Source data
┌──
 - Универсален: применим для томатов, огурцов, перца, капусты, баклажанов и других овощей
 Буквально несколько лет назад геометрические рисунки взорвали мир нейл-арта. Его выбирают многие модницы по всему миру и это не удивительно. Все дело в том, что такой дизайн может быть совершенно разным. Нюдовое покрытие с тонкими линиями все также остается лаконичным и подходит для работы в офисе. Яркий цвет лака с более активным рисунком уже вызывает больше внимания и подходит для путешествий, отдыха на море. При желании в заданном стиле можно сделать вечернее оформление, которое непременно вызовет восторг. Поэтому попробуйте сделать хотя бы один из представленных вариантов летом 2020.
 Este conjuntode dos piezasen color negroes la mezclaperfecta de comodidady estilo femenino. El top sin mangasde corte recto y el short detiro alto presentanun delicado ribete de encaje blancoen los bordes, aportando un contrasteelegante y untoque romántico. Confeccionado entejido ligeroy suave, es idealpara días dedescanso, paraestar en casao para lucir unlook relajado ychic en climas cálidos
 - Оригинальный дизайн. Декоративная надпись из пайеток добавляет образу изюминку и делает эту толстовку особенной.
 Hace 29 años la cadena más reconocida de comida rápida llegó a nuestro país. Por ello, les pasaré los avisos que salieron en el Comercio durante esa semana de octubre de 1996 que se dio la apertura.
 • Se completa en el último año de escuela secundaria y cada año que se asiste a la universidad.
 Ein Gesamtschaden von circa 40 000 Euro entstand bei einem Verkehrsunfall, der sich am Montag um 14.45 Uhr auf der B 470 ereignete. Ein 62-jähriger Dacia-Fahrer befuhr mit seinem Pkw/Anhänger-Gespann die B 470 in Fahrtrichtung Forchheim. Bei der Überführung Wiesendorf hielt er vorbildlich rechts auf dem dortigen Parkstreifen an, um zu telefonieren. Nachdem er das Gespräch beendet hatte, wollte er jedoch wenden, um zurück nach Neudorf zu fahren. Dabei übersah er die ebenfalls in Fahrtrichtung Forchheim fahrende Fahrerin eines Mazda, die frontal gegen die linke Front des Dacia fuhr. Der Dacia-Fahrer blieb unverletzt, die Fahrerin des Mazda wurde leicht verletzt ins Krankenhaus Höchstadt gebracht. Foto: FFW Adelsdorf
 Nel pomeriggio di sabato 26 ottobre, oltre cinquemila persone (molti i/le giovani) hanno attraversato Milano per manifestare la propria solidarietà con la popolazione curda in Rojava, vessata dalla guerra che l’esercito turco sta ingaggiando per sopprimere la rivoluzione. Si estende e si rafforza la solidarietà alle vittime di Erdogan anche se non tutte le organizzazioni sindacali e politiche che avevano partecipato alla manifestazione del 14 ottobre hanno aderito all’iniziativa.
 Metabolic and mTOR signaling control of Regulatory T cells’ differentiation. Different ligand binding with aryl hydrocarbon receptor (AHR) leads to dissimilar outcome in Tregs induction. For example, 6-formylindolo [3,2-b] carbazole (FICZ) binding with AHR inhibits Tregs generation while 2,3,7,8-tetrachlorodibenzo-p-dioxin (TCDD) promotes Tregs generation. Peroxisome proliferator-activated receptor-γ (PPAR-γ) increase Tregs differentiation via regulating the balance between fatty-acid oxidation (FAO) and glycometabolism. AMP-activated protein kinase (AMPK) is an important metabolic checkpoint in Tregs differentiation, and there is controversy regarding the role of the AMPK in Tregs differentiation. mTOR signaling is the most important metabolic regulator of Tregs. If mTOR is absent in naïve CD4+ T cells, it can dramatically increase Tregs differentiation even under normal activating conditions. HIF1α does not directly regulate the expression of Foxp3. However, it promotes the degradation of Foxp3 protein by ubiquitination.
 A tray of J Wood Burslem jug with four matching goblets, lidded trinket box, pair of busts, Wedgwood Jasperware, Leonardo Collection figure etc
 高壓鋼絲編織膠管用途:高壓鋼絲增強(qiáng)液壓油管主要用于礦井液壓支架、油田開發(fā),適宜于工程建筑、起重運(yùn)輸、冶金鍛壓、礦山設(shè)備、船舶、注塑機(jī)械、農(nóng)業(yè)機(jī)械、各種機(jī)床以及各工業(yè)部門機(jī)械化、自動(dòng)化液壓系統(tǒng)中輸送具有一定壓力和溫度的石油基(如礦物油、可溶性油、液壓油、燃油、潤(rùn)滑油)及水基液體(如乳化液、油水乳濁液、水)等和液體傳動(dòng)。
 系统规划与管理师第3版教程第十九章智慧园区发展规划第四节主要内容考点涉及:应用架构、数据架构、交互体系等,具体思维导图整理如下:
└──
• **WHAT TO WORK ON**: When the line containing "Буквально несколько лет" is reached, include it and stop. Until then, output each line of the entries exactly as given, starting from the first.

• **PROBLEM SOLUTION**:
 - Универсален: применим для томатов, огурцов, перца, капусты, баклажанов и других овощей
 Буквально несколько лет назад геометрические рисунки взорвали мир нейл-арта. Его выбирают многие модницы по всему миру и это не удивительно. Все дело в том, что такой дизайн может быть совершенно разным. Нюдовое покрытие с тонкими линиями все также остается лаконичным и подходит для работы в офисе. Яркий цвет лака с более активным рисунком уже вызывает больше внимания и подходит для путешествий, отдыха на море. При желании в заданном стиле можно сделать вечернее оформление, которое непременно вызовет восторг. Поэтому попробуйте сделать хотя бы один из представленных вариантов летом 2020.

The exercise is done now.